(2017) Chris Brookmyre, Orbit, £18.99, hrdbk, x+ 405pp, ISBN 978-0-356-50624-1
Having chaired a panel with Chris Brookmyre at Fantasycon 2017, I was intrigued to read his latest novel, Places in Darkness, a Science Fiction murder mystery set on Ciudad de Cielo (CdC), the ‘city in the sky’. A space station is home for construction workers who were ‘building the colony ship that will one day take humanity to the stars’.
Brookmyre has been writing novels for a long time, twenty-two years, in fact. This foray into science fiction reveals no weakness in his prose and the transition is seamless. Places in Darkness is a strong genre-based thriller with a good cast of flawed characters and some agile writing that cleverly conceals a few surprises. The third person present takes a few pages to get used to, along with Brookmyre’s use of thought tracking, but once you are used to these things, the pages turn quickly and the claustrophobic world of the CdC quickly becomes an intriguing and mysterious place to escape to.
We begin with a murder. Then the opening scenes of the book’s first part introduce us to Alice Blake, the newly appointed head of security from Earth, on her way to the station that will be her new home. Alice’s scenic transfer to the station reminded me of similar moments in classic science fiction novels, where the writer uses the moment to seduce the reader with a rich description of their space vista, their futuristic technology and the sense of wonder that comes with both. Brookmyre clearly knows this expectation and uses the opportunity to give the reader enough of Alice’s context and background, but he also makes use of the characters around her to bring his own take to the situation. The building irritation and prejudice of the moment are deftly conveyed, demonstrating that Alice’s high status in her post will mean she is to encounter opposition.

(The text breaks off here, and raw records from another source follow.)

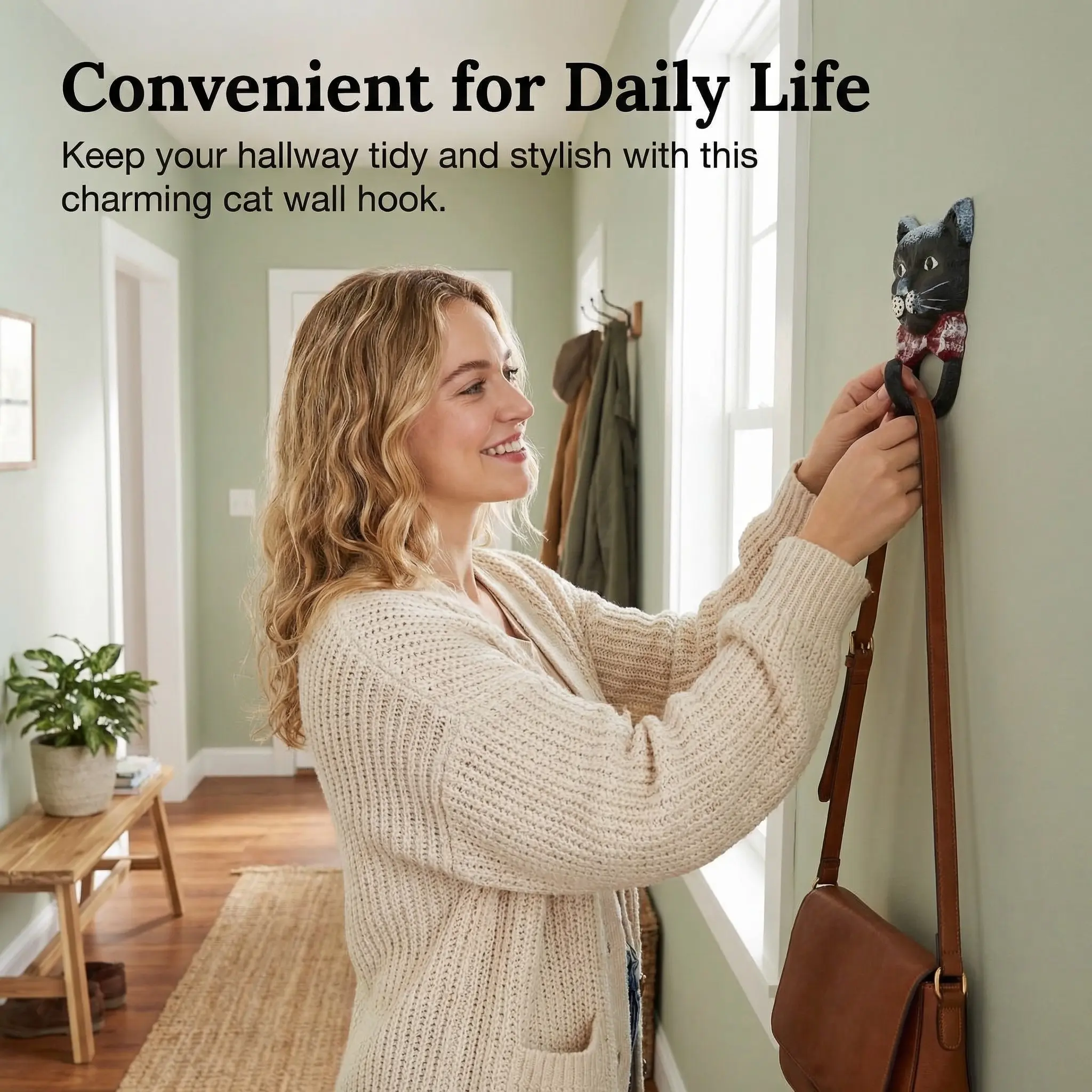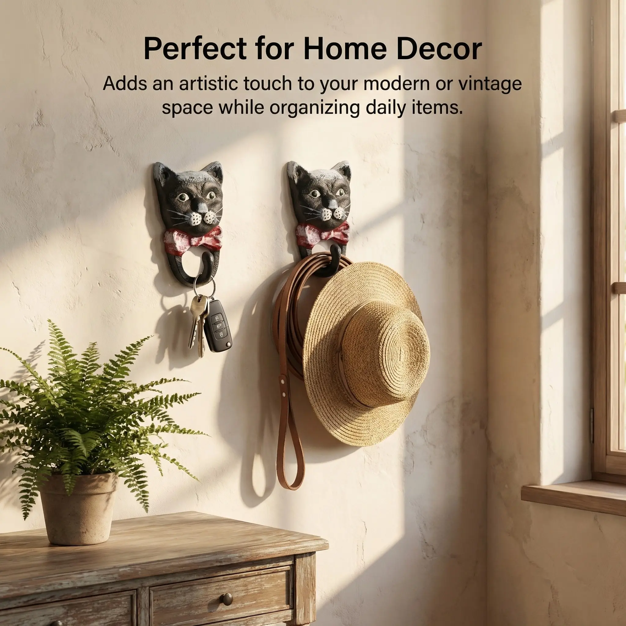 【Cat hook shape】: Features a unique cat-shaped design adding charm to any entryway decor.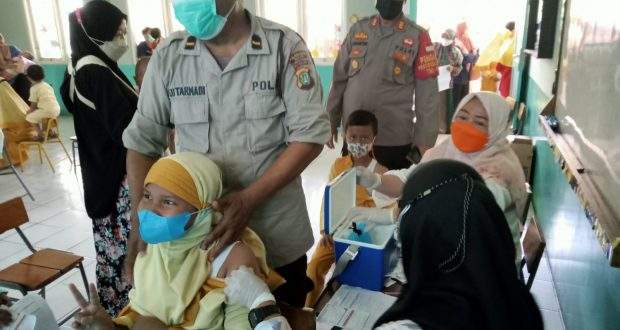 “Pemberian vaksinasi massal dosis pertama pada giat vaksin Merdeka Berani dan Bhakti Kesehatan Bhayangkara untuk Negeri, Polsek Serang Baru bekerjasama dengan Puskesmas Serang Baru, Muspika Serang Baru, dan Kepsek SD MIP, SDIT Izzatul Islam, dan SD Anugerah,” tutur Kapolsek Serang Baru, AKP Somantri.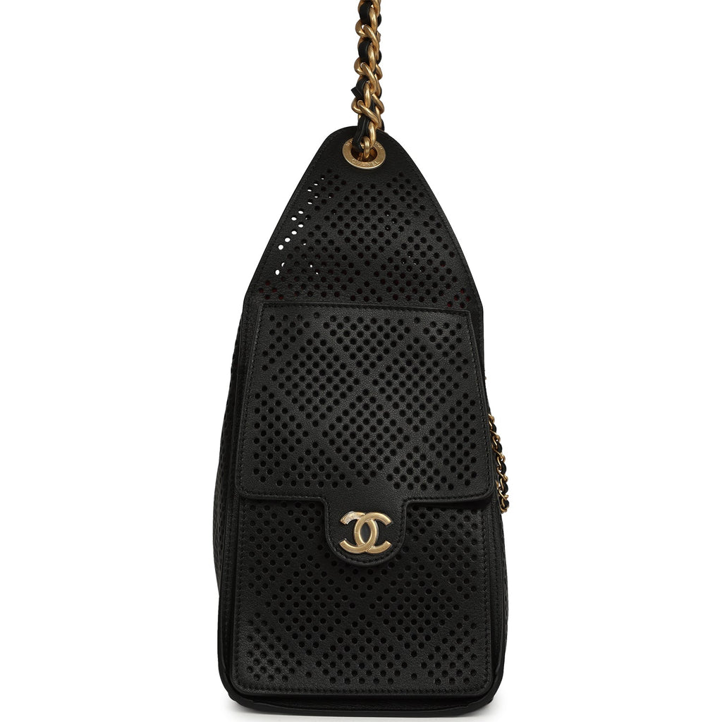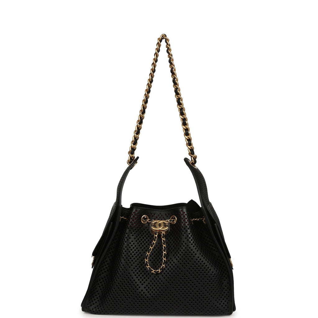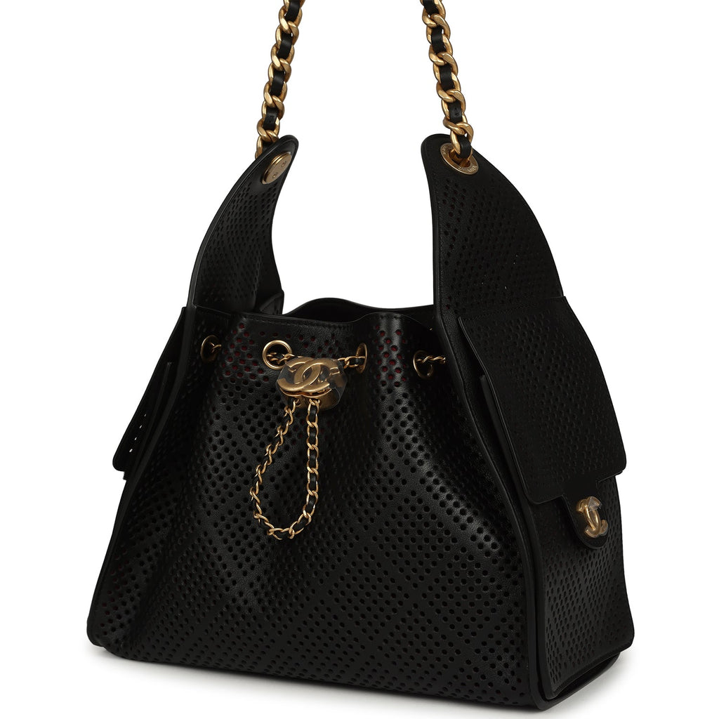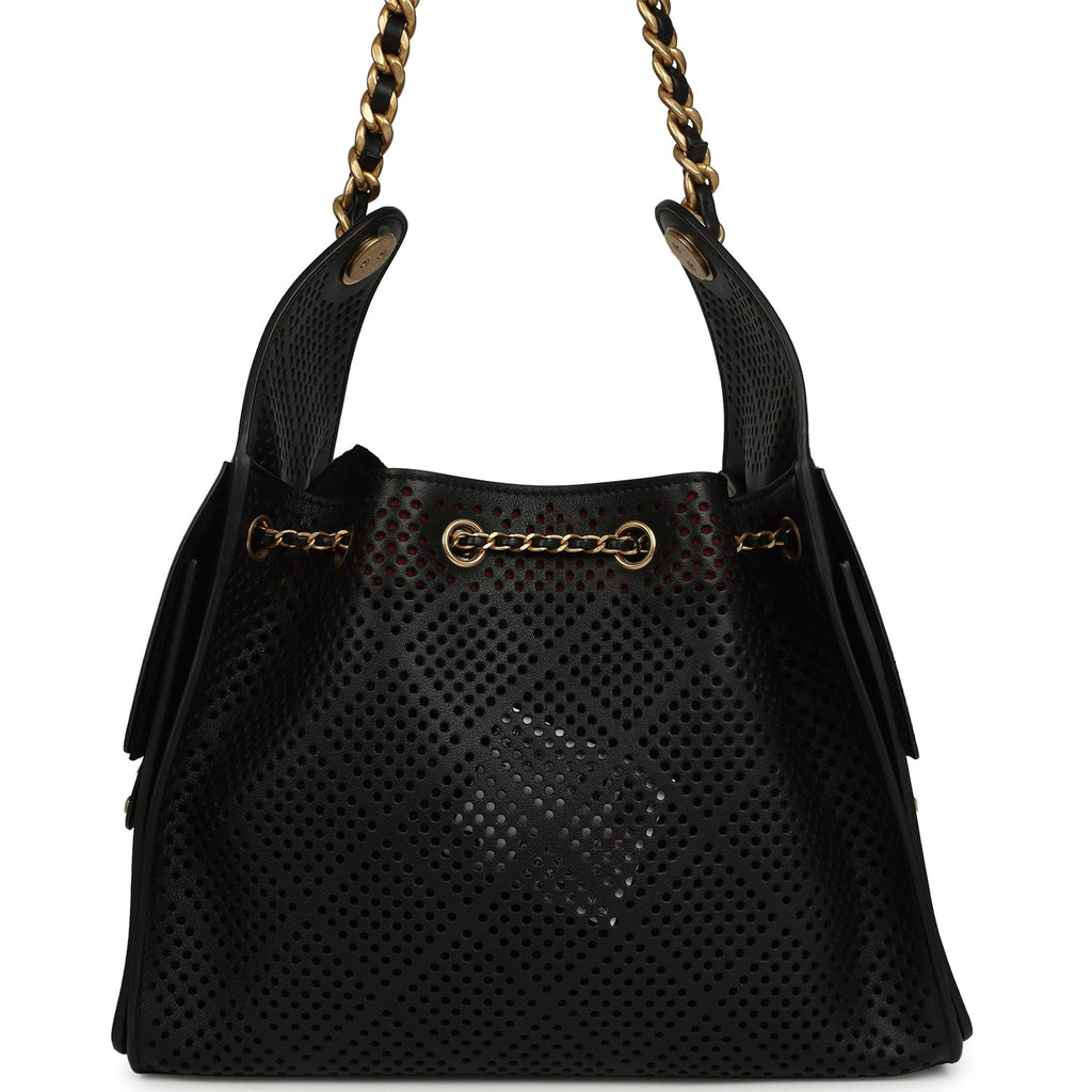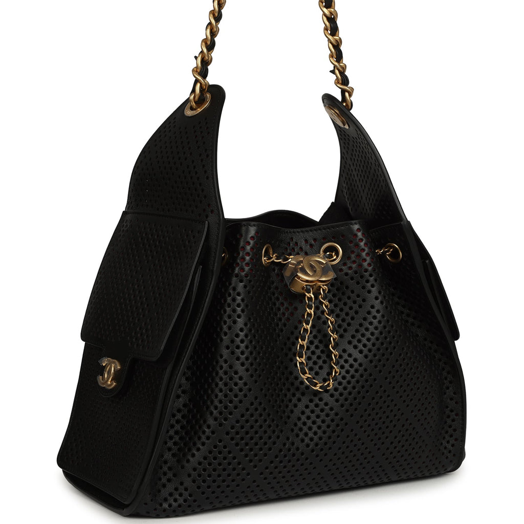 Chanel Small 25 Hobo Bag Black Perforated Calfskin Antique Gold Hardware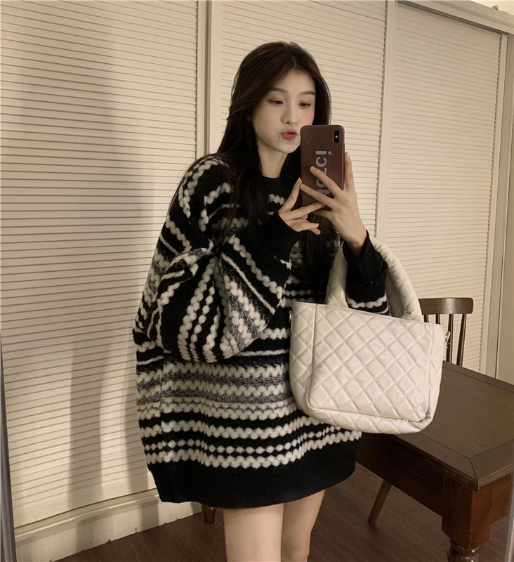 トップス ニット ボーダー オーバーサイズ ラウンドネック レディース ストライプ バイカラー オシャレ お洒落 かわいい 大人可愛い 10代 20代 30代 40代 着回し 重ね着 シンプル カジュアル ラフ ホワイト 白 ブラック 黒 華奢 細見え ゆったり 大きめ 春 秋 冬 抜け感 こなれ感 ショッピング レトロ アンティーク ヴィンテージ 柔らか 着心地 S М L あったか 暖かい ドロップショルダー ゆる ルーズ リラックス 体型カバー こなれ感 チュニック ワンピース ボリューム 袖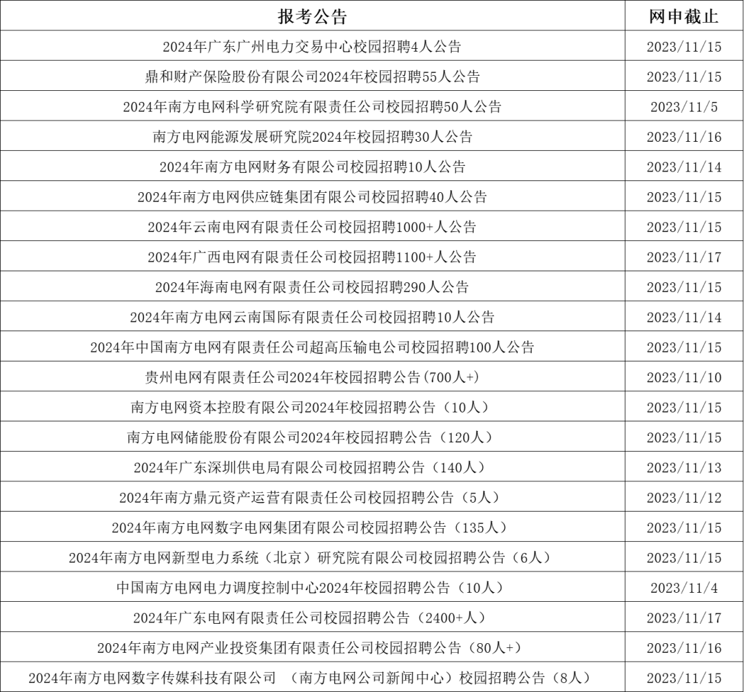 中国南方电网有限责任公司(以下简称南方电网公司)2024年校园招聘工作于2023年10月29日正式启动,现将有关事项公告如下: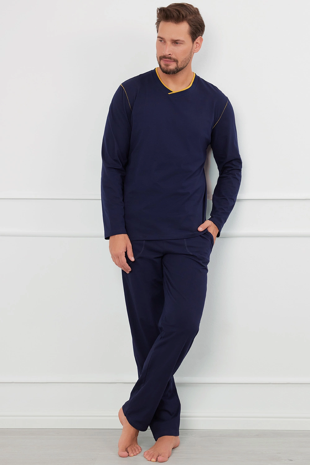 Nocna marki Italian Fashion. Model Ludwik dł.r. dł.sp.. Produkt został wykonany z 100% bawełna. Długość rękawa: długi rękaw. Rodzaj dekoltu: w serek. Posiada kieszenie. Produkt męski. Długość: długie.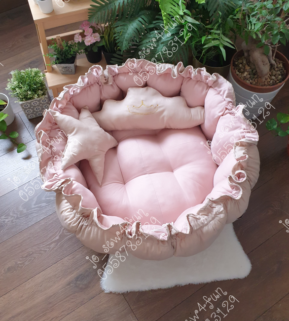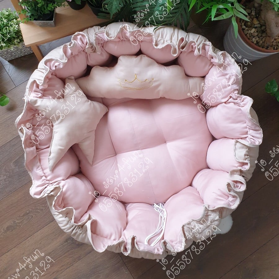 سرير مواليد دائري قابل للزم مع خدادية الغيمة والنجمة يتوفر بلونين بناتي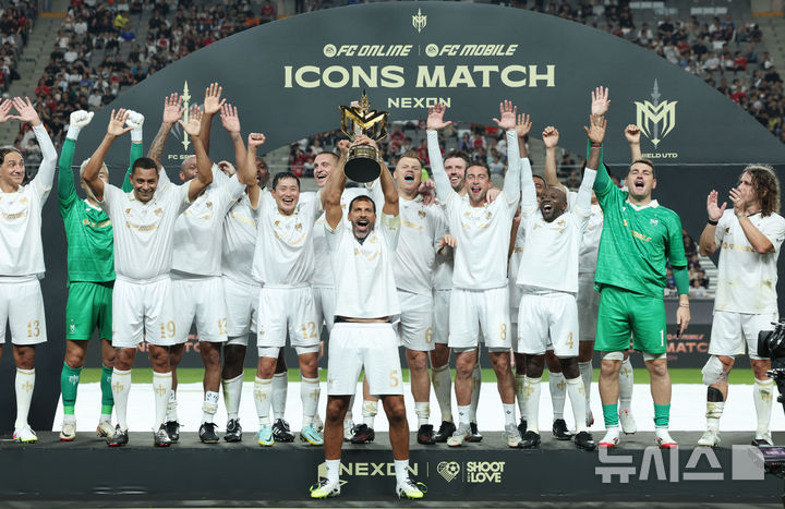 [서울=뉴시스] 홍효식 기자 = 14일 오후 서울 마포구 서울월드컵경기장에서 열린 넥슨 2025 아이콘 매치 FC 스피어(공격수팀)와 쉴드 유나이티드(수비수팀)의 경기, 2-1로 승리한 쉴드 유나이티드 선수들이 트로피를 들고 기뻐하고 있다. 2025.09.14. yesphoto@newsis.com |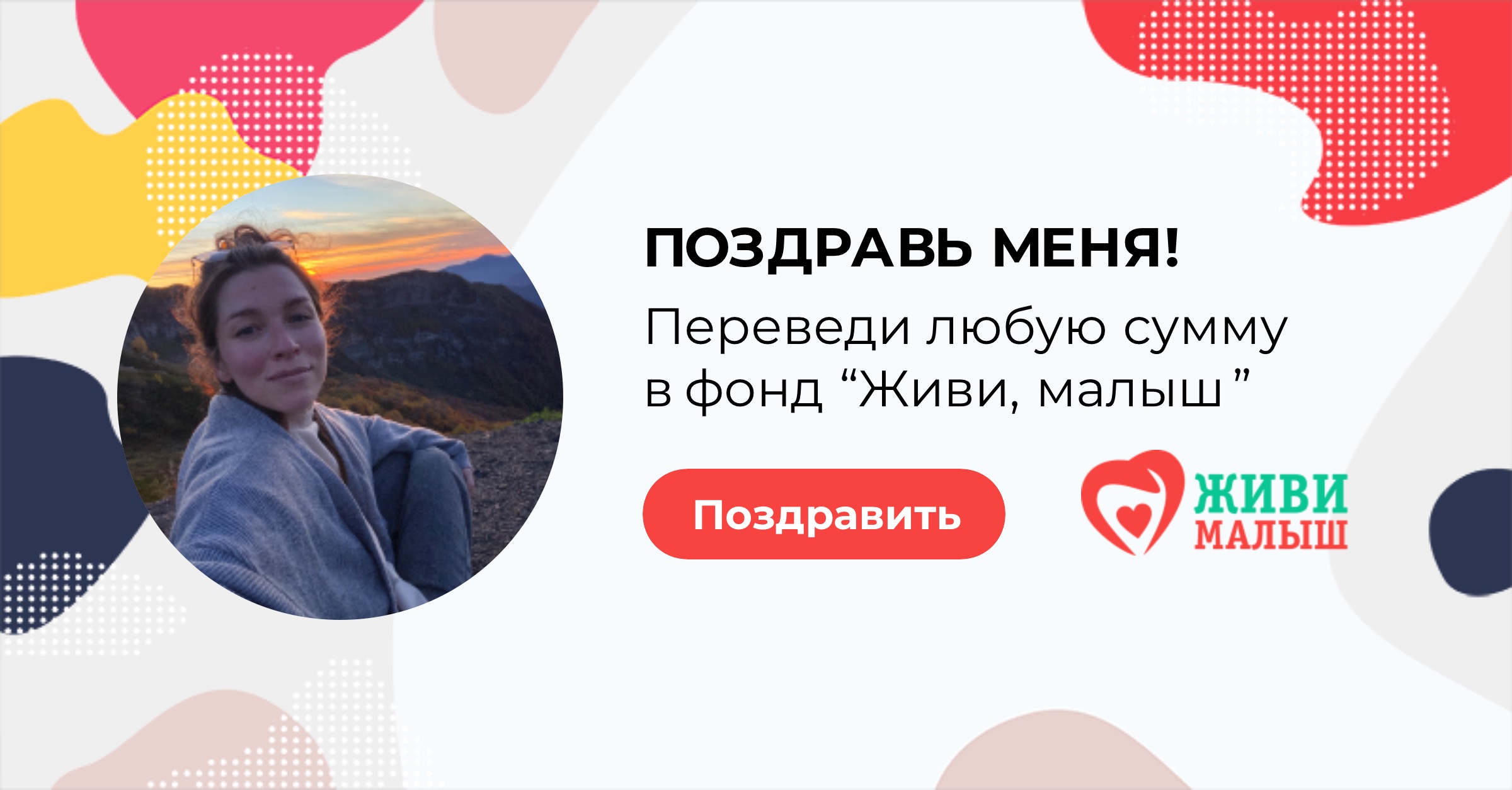 В свой день рождения я прошу вас помочь фонду “Живи, малыш”. Фонд занимается оплатой лечения и реабилитации детей, развивает службу бесплатного такси для детей инвалидов, обеспечивает расходными материалами детей с паллиативным статусом. Переведите любую сумму в фонд - это будет для меня лучшим поздравлением сегодня.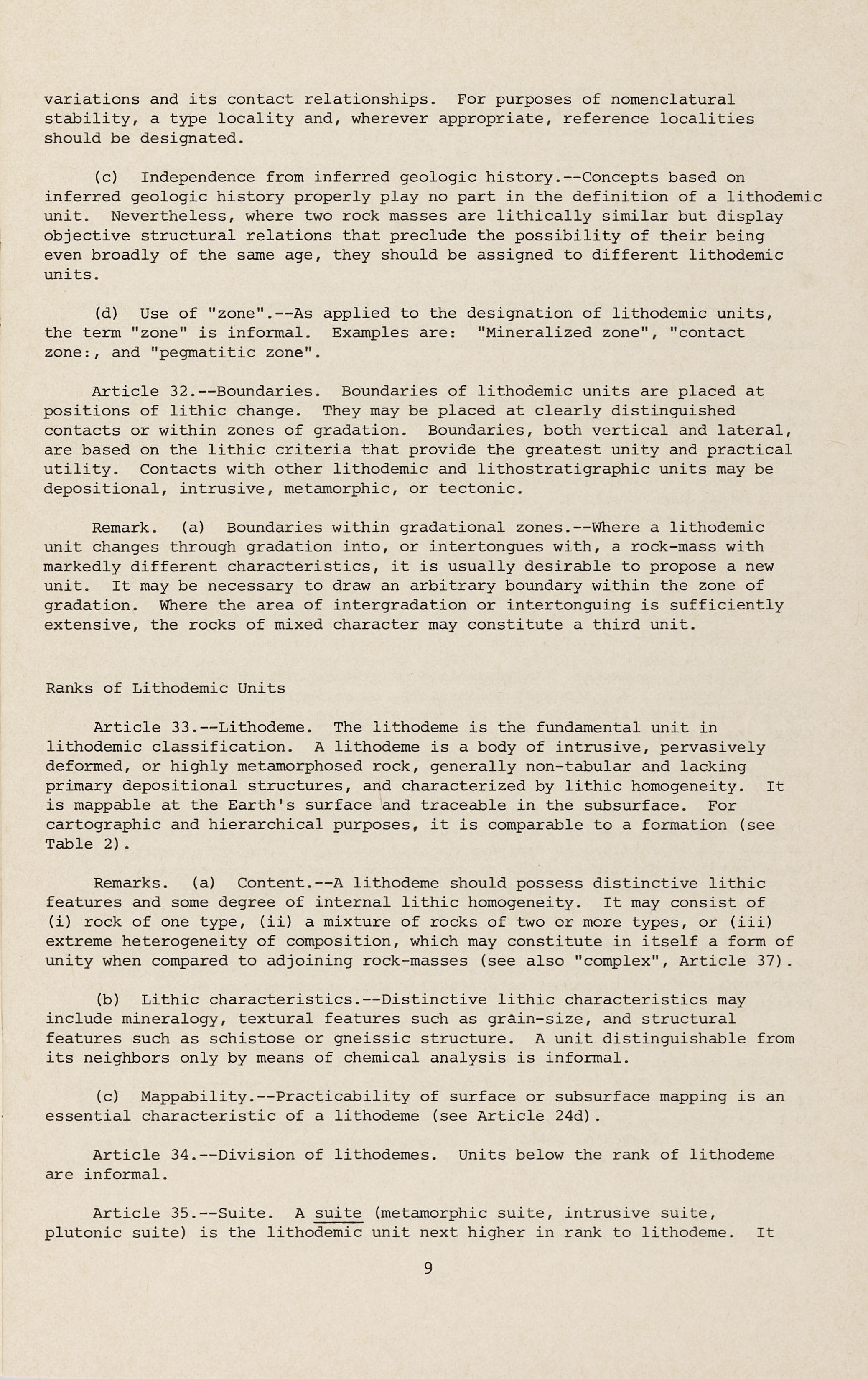Article 32.--Boundaries. Boundaries of lithodemic units are placed at positions of lithic change. They may be placed at clearly distinguished contacts or within zones of gradation. Boundaries, both vertical and lateral, are based on the lithic criteria that provide the greatest unity and practical utility . Contacts with other lithodemic and lithostratigraphic units may be depositional, intrusive, metamorphic, or tectonic.

This is also the moment where we begin to get a detailed understanding of Brookmyre’s mesh technology, a personal Google, accessible with a thought, the system has been around for a long time. We meet the architect of the technology and its perceived limitations are carefully described, setting up part of the plot for later.
Brookmyre’s second protagonist is a CdC detective, Nikki Freeman, known on the station as ‘Nikki Fixx’. As an insider to the corrupt society of the space station, she provides a counter point to Alice, allowing us to explore the station’s underbelly and get a visceral sense of the dystopia behind the purpose of the CdC. This is where Brookmyre populates the world of the novel and again, we get a sense of the meticulous thought that has gone into depicting this space society future. The multi-cultural and multi-racial society has an international character, reminiscent of places in our modern world that are diverse and comfortable with themselves. But there is also a fragility and tension at the heart of everything, ready to build and explode, should the story require it.
As the murder investigation develops, the two characters become unlikely allies. Again, Brookmyre handles this deftly, balancing the distrust and agendas of both. Nikki and Alice are uneasy around each other, their missions both compliment and contradict as they struggle to learn the truth behind what is happening on the station.
Brookmyre handles the revelations carefully to ensure each bit of new information does not completely sate the reader’s hunger and keeps you turning the pages to the end. Whilst the pace quickens, it does not spiral out of control, and you never get the sense that the writer is losing his command of the story.
Places in Darkness is an excellent science fiction thriller. I look forward to seeing Chris Brookmyre return to the world of Alice Blake, Nikki Freeman and the CdC.